#### Activity
Everything in the records except the pictures must be copied out exactly.

#### Data provided
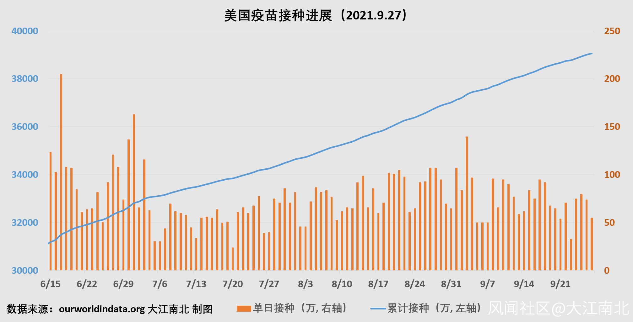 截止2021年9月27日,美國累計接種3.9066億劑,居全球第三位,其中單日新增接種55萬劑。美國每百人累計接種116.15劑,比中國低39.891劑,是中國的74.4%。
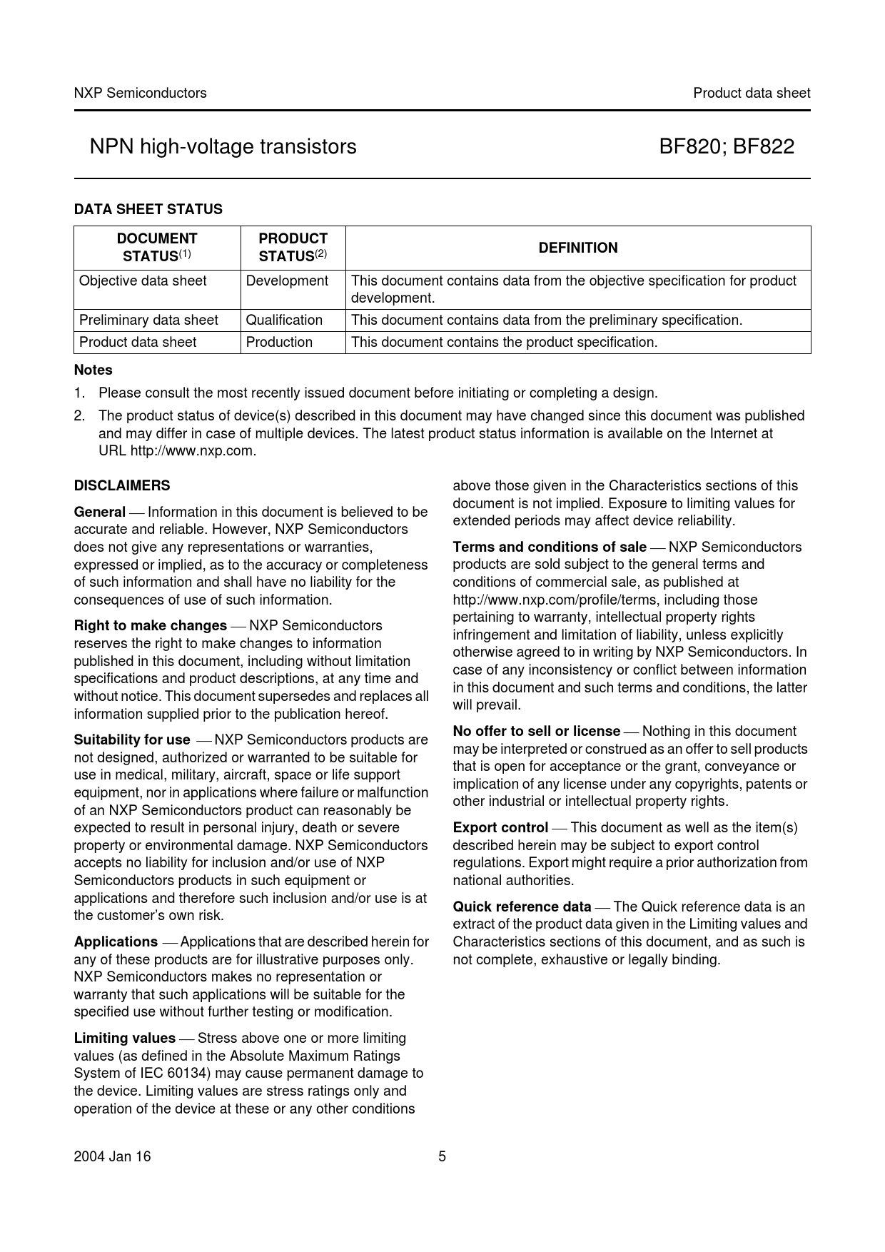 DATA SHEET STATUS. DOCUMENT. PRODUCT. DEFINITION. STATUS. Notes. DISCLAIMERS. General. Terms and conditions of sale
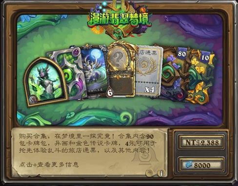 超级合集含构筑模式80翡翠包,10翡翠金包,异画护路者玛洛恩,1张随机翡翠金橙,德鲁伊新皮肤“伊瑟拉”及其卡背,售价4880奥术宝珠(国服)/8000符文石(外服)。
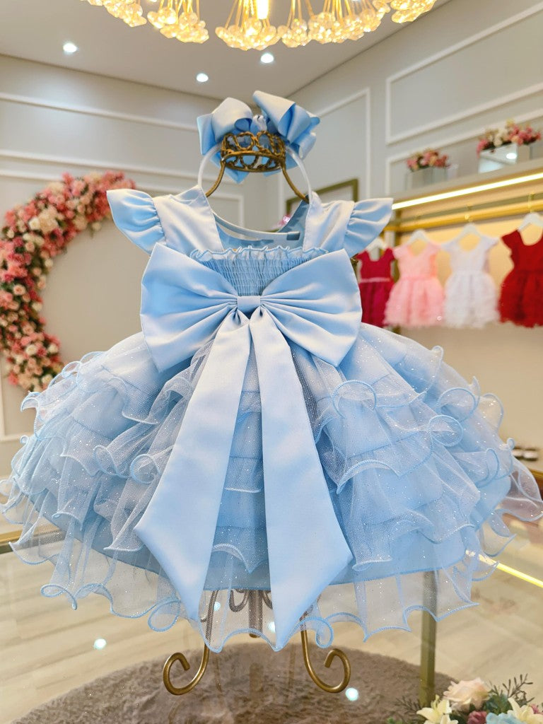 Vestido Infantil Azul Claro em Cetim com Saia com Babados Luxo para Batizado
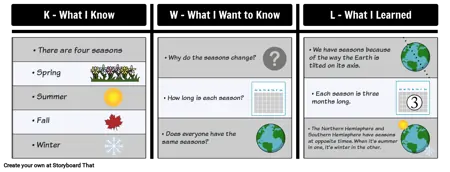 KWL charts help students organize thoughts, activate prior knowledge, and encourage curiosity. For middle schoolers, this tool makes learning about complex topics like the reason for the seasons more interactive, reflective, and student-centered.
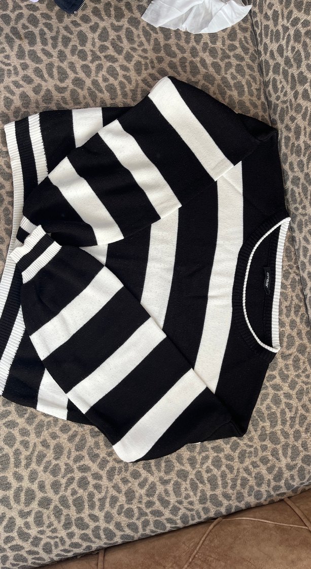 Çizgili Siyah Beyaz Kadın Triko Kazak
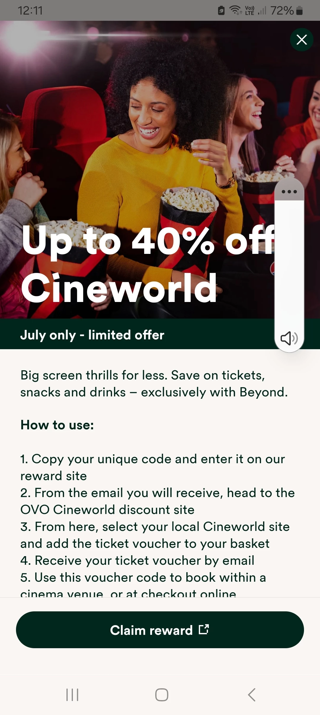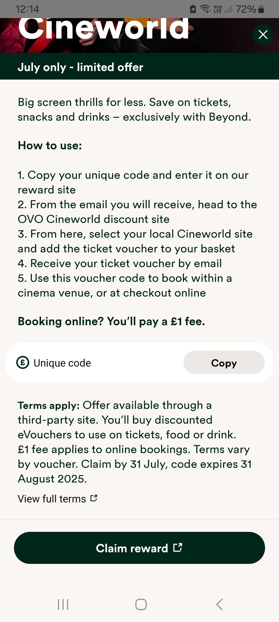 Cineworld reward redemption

#### Output for this exercise
 截止2021年9月27日,美國累計接種3.9066億劑,居全球第三位,其中單日新增接種55萬劑。美國每百人累計接種116.15劑,比中國低39.891劑,是中國的74.4%。
 DATA SHEET STATUS. DOCUMENT. PRODUCT. DEFINITION. STATUS. Notes. DISCLAIMERS. General. Terms and conditions of sale
 超级合集含构筑模式80翡翠包,10翡翠金包,异画护路者玛洛恩,1张随机翡翠金橙,德鲁伊新皮肤“伊瑟拉”及其卡背,售价4880奥术宝珠(国服)/8000符文石(外服)。
 Vestido Infantil Azul Claro em Cetim com Saia com Babados Luxo para Batizado
 KWL charts help students organize thoughts, activate prior knowledge, and encourage curiosity. For middle schoolers, this tool makes learning about complex topics like the reason for the seasons more interactive, reflective, and student-centered.
 Çizgili Siyah Beyaz Kadın Triko Kazak
 Cineworld reward redemption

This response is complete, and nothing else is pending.